Sorry you and your coworkers are placed in this horrible situation,and I can feel your frustrations through your words. I would suggest you reach out to your hospitals Ethics and Compliance Officer and have these unsafe practices addressed. Incidents such as these cost hospitals more than money, but can give the hospital a very bad reputation, and word of mouth and social media, can be the worst kick anyone can receive, especially hospitals. People who not feeling well and need surgery, already arrive with some anxiety but also hope of becoming better so that they can move on with life, and for a nurse manager to speak as if she's a patient who may not want to pay more money for the services they need for their health, is asinine and irresponsible. Please speak up for your patients and your conscience. We have enough people in management positions, who's focus is on how good the numbers look on paper, saving the hospital money, which then becomes their annual bonus. 

 

Specializes in PACU, ED.

Highly recommend you purchase your own copy of the ASPAN standards. It is too easy for managers to try to bend the standards when they are being pressured by OR to just take a patient. The standards are the minimum safe standards, not a target or average of care. Excerpt from the ASPAN 2023-2024 Standards

Study the standards and when you are ready, put in a Midas report when you or another nurse is given an unsafe assignment. Be sure to quote the ASPAN standard as well as the page, paragraph, date, etc. Be sure the tone is a desire to provide safe care within the recommended guidelines of our National organization.

It can also help if you prepare and give an inservice to your department so that everyone is aware of the safe standards of care. 

Be aware that you may not change anything and only end up getting a target on your back. Some managers hate it when staff nurses push back. Be ready to find a better, safer PACU if needed.  

Specializes in OR 35 years; crosstrained ER/ICU/PACU.

Well, you've tried talking to your department managers to no avail,  Maybe it's time to move up the chain of command and voice your concerns to your DON, patient safety advocate/ethics department.  Your patients aren't only compromised, but your license could be on the line.  Good luck, be strong!

Specializes in Critical Care.

I would file a complaint with CMS Medicare.  They are the only ones that will take this seriously!  Joint commission is a waste of space!  They will just give them a slap on the wrist.

Specializes in CCRN, CPAN.

This is bad medical care, unsafe. I would look for another place to work that shares your desire for honest quality care. 

This is so unsafe. Given your managers who based on their backgrounds should 100% know better than this, continuing to write incident reports is unlikely to have much impact and will result in you being "the bad guy". I would discretely encourage the families complain. Poor ratings, reviews and complaints even when wildly unfair seem to get attention.

I would likely start getting family back as quickly as I could. When they ask for pain relief...

- "I'm really sorry, because this is phase 2 I can't give IV analgesia" 

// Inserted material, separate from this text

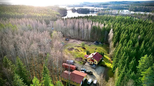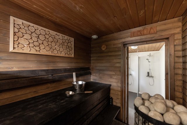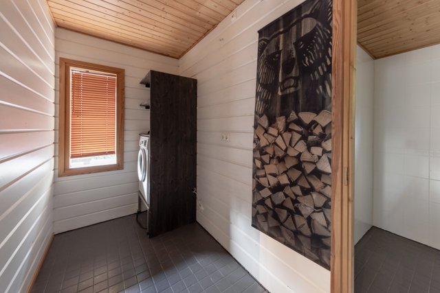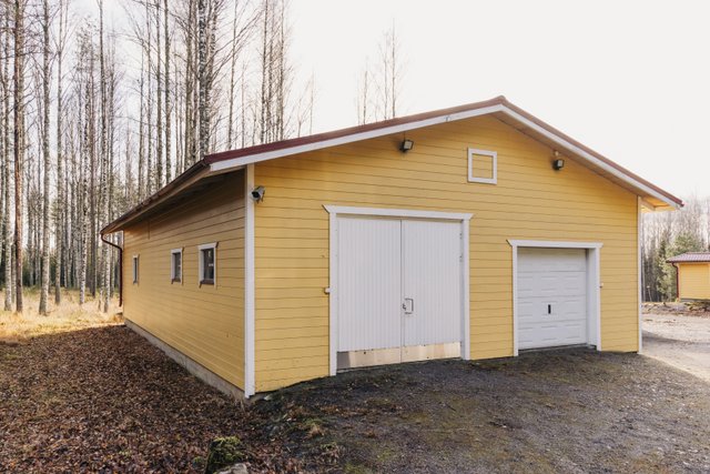Piha-alueella on myös 120 m2:n autotalli, jonka päädyssä miesluola omalla sisäänkäynnillä. Tontilla myös savusauna ja hirsinen puuvaja. Yhteisranta on vain lyhyen kävelymatkan päässä, ja siellä on 12 metriä pitkä laituri, joka houkuttelee nauttimaan järven rauhasta.

- I can give something oral. Oh, gosh, they are nauseated and threw up when we tried to get them up (which is why I normally ensure the pain is treated IV in phase 1 to avoid oral in phase 2)... best get an order for an antiemetic, I'm assuming the orders for that were only phase 1, so probably a delay, oh well. 

- whoops, phase 2 is now back up so you physically have no where to put the patients coming from phase 1 or the direct admits from the OR, oh well. Never mind I'm sure the CRNA's or Doctors will call a manager to yell about it and demand they find a solution. 

In my experience the Doctors want to do what ever they perceive to be the quickest so they can get as many surgeries done as possible. The simplest fix is to stop trying to make it work and let it take as long as it takes, the real trick is too let the families do the complaining for you. And work on your innocent face and tone, you will need it.